# Tesla-motorhome-trailer-unfriendly



## Super_Rep (Sep 25, 2020)

I have a Model Y which I tow behind our motorhome in a 20' x 8.5' HaulMARK enclosed trailer. I have tried on numerous occasions to get the Tesla to self park in the trailer without success. The only way I can get it in the trailer is to drive it in, recline the front seats to the max horizontal position with the back seats folded down, open the back hatch and crawl in and out through the rear. Sense I am 82 years old, this is not as easy as it would be for a younger person. 

It appears that the main hold up to self driving into the trailer is the 10 degree maximum slope that the manual says. The Tesla app says it was stopped because the angle was to steap. When I measure the angle with the angle measuring utility on my phone, It reads the slope of the ramp as 6.6 degrees. It looks like the Tesla measurement of the angle is off. If there was a way to increase the allowable slope, it should correct this.


----------



## raptor (May 6, 2018)

Unfortunately, this is a known limitation that can't be changed. The only solution I can think of is some sort of custom ramp extension you could drive the vehicle on, and then summon the vehicle. However keep in mind summon isn't perfect and there have been incidents of it scraping the wall.


----------



## Needsdecaf (Dec 27, 2018)

I think the 10 degree max slope is wishful thinking. I know summon refused to even bump over the 1/2" lip going into my garage. 

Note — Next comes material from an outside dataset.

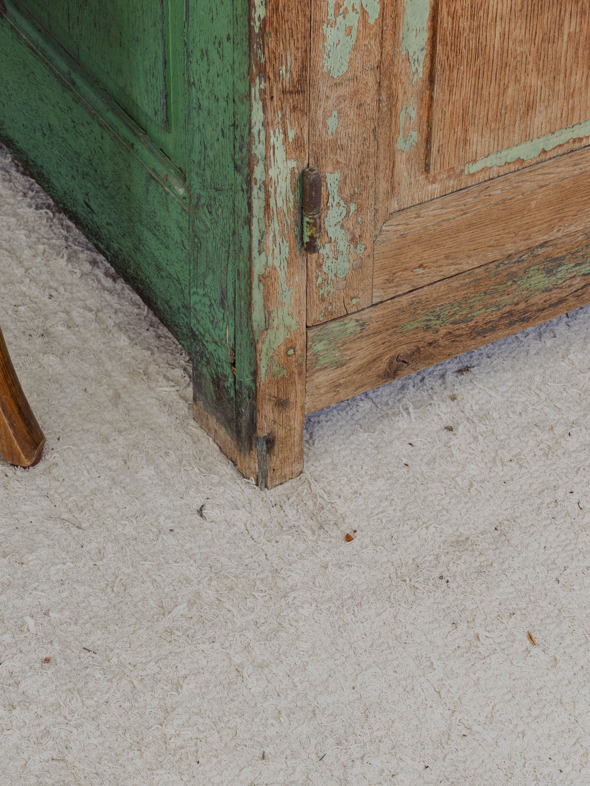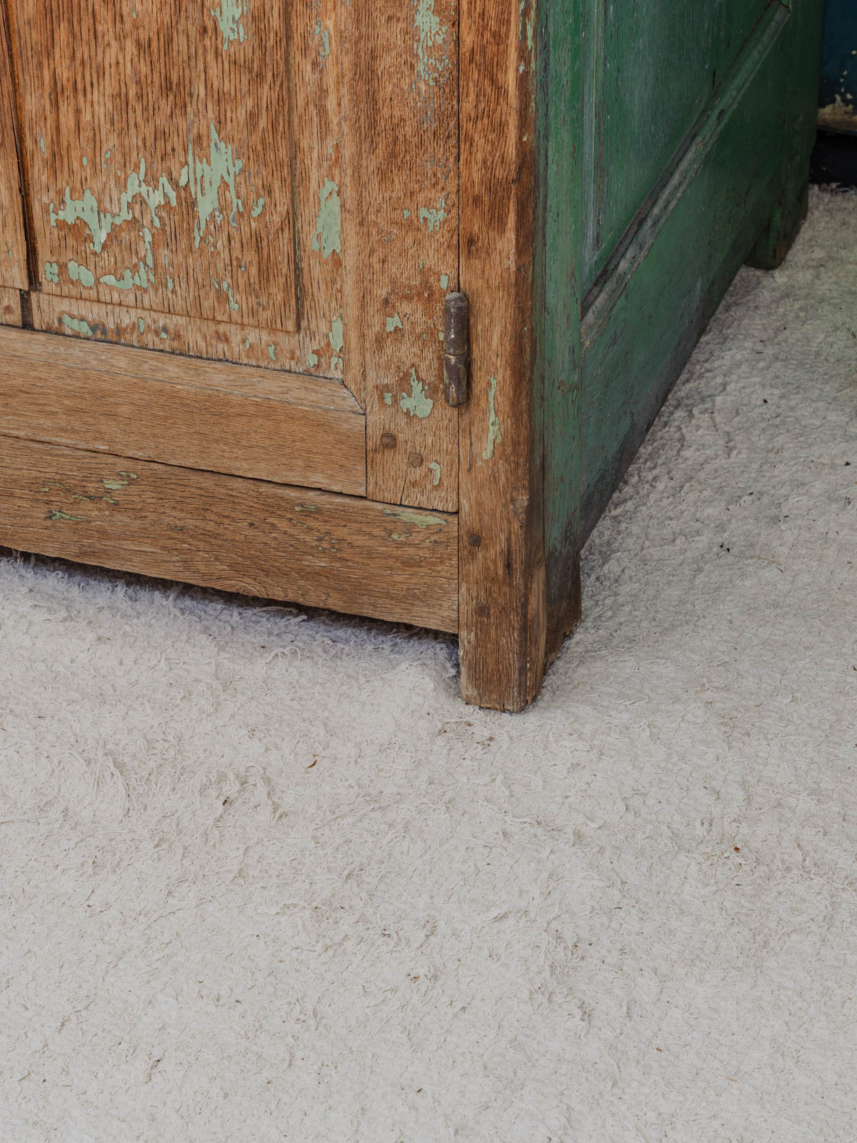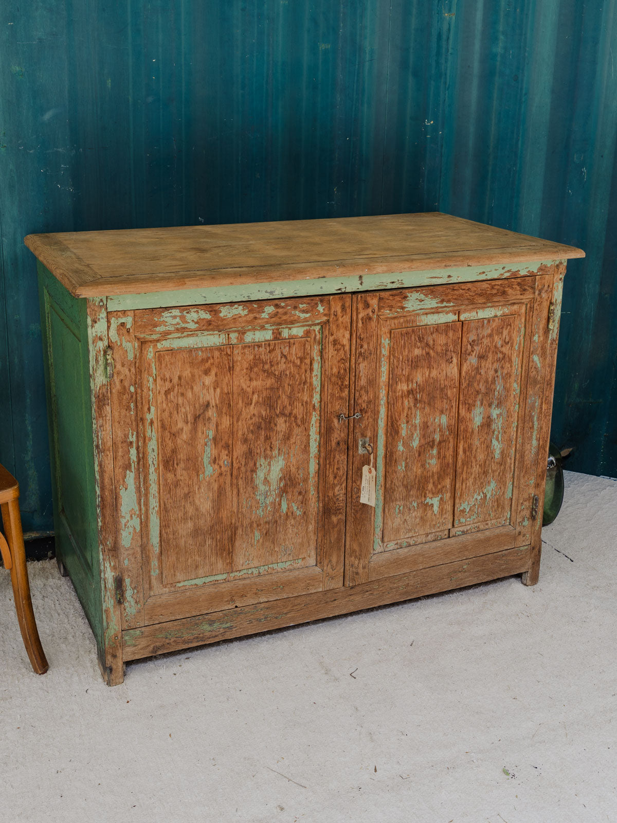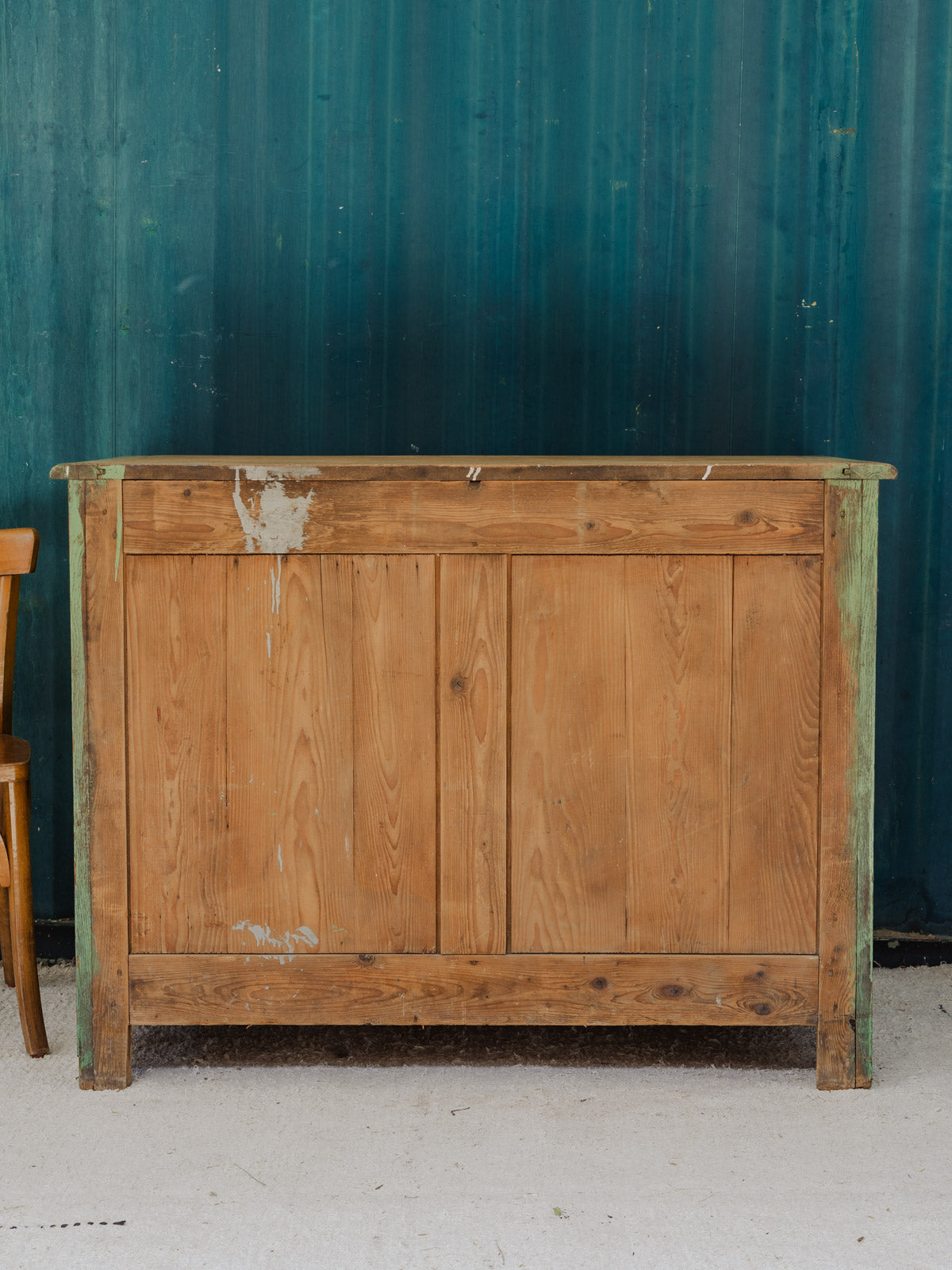 Enhance your interior with this green patinated wooden sideboard, whose gray-painted door interiors create an elegant and contemporary contrast. Its generously proportioned structure and interior shelf offer ideal storage capacity for dishes, linen, or living room items, while the natural patina emphasizes a warm and narrative style. Place it in a dining room or entryway for a sober and welcoming ambiance. Some traces of time are present.

You could try getting a winch in your trailer with a remote, hooking it up, putting the tesla in tow mode and pulling it in. Do you have no access doors whatsoever on the trailer?


----------



## Super_Rep (Sep 25, 2020)

Yes, I have a side door in the trailer, but there is not enough space for me to exit from the Tesla doors.


----------



## FRC (Aug 4, 2018)

I doubt it would make a difference, but have you tried "come to me" while standing in the trailer?


----------



## 3V Pilot (Sep 15, 2017)

Even if the slope was not the limiting factor the narrow width of the trailer would be. I don't think the car would squeeze itself in. Backing out with summon might work but as stated above it's not perfect and might scrape a wall.


----------



## Needsdecaf (Dec 27, 2018)

FRC said:


> I doubt it would make a difference, but have you tried "come to me" while standing in the trailer?


Hmm. Getting out the window through the side door might be easier than crawling out the back?

Then again....at 80, you're doing pretty good!


----------